LONELY CASTLE IN THE MIRROR
RELEASED 22 APRIL 357 pages | Paperback/ebook
Author Mizuki Tsujimura
Publisher Doubleday
This Japanese bestseller is the story of Kokoro, a girl who has been traumatised by run-ins with her classmates and now refuses to leave her house. Then her bedroom mirror glows and she passes into a magic castle, meeting six other Japanese kids who’ve been summoned the same way. A girl in a wolf mask tells them they can visit the castle for nearly a year, and if one of them finds a hidden key, it will grant any wish. But the castle has rules; if they’re broken, a wolf will gobble them up.

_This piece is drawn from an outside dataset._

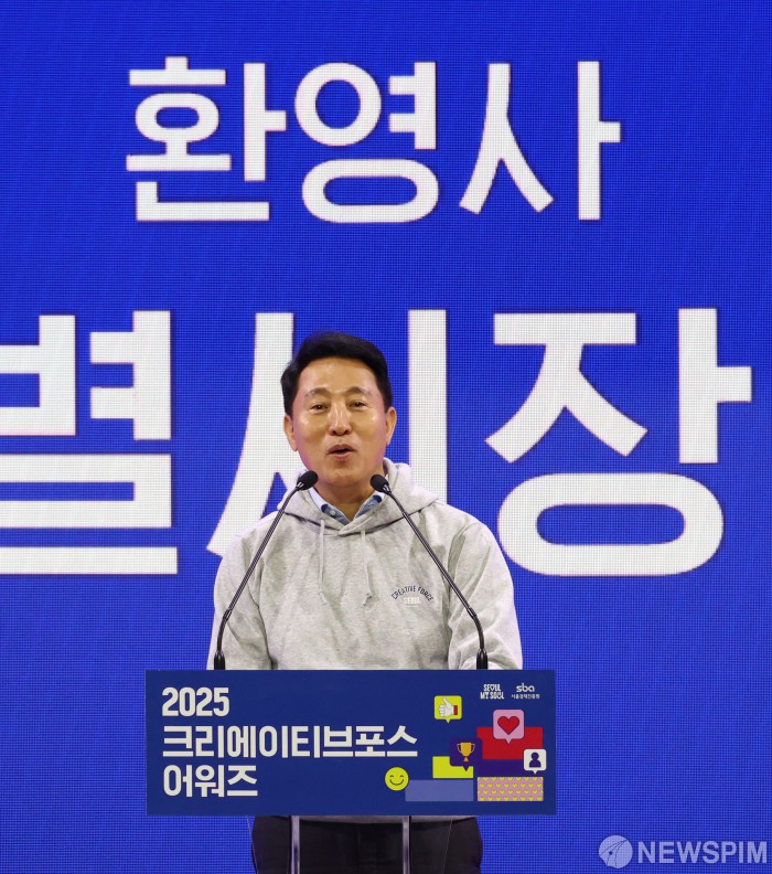 [서울=뉴스핌] 최지환 기자 = 오세훈 서울시장이 31일 오후 서울 중구 동대문디자인플라자에서 열린 2025 서울콘 크리에이티브포스 어워즈에서 환영사를 하고 있다. 2025.12.31 choipix16@newspim.com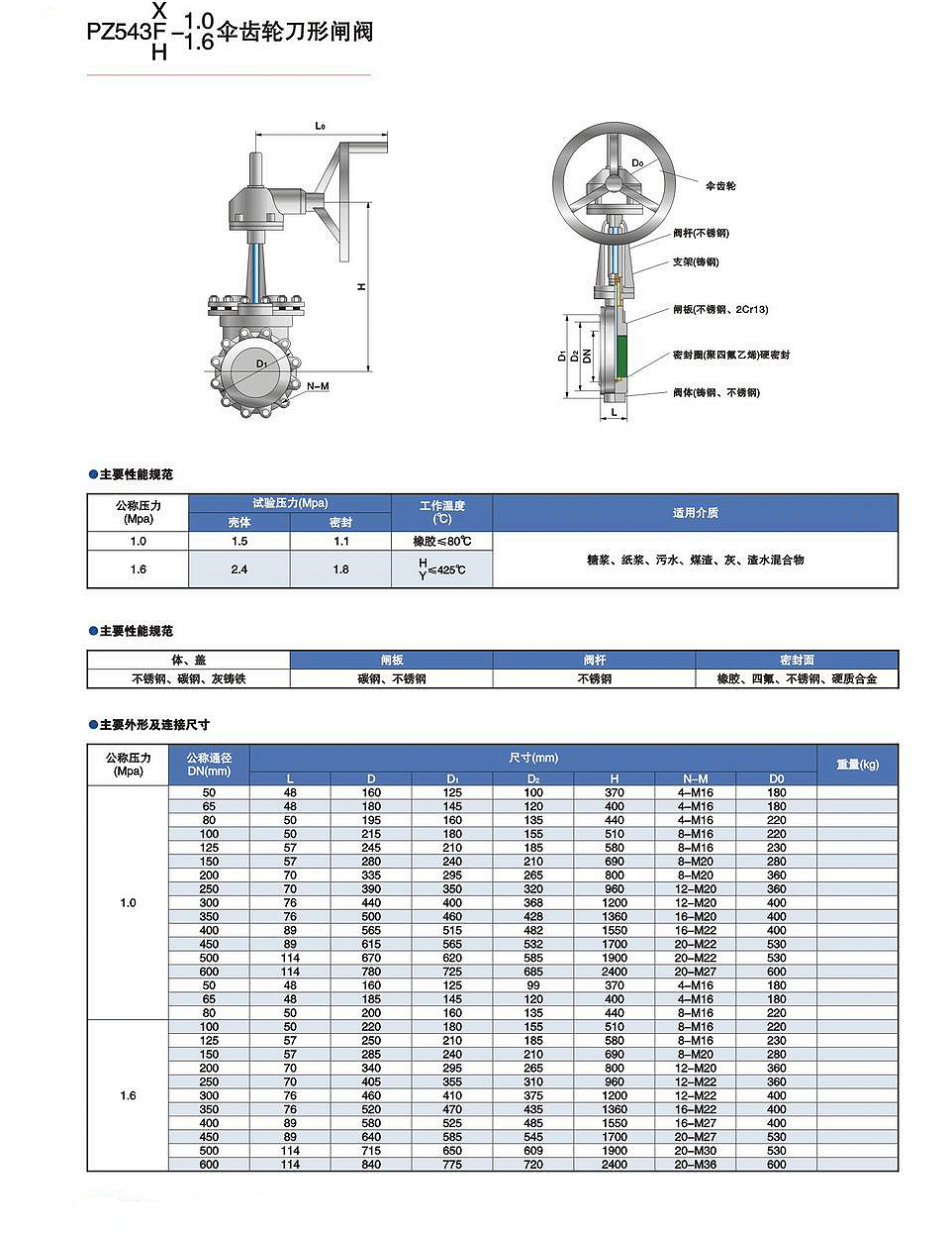 >> PZ543X/F/H伞齿轮刀形闸阀

In Japan, hundreds of thousands of people shut themselves away like Kokoro does (they’re often referred to as hikkikomori). Lonely Castle highlights this issue; at the same time, its fantasy set-up could be straight out of an E Nesbit story.
Disappointingly, though, after the intriguing opening the book becomes excessively slow; one of its main purposes is to celebrate mundane daily life and the birth of friendships, but there’s a very long wait for any substantial developments. The final reveal is also familiar (and guessable) if you’ve followed popular anime in the 2010s.
The real-life subject deserves an inspirational story, but the book’s portrait of adolescent fears and depression isn’t exceptional, and is diluted rather than deepened by the tale’s length.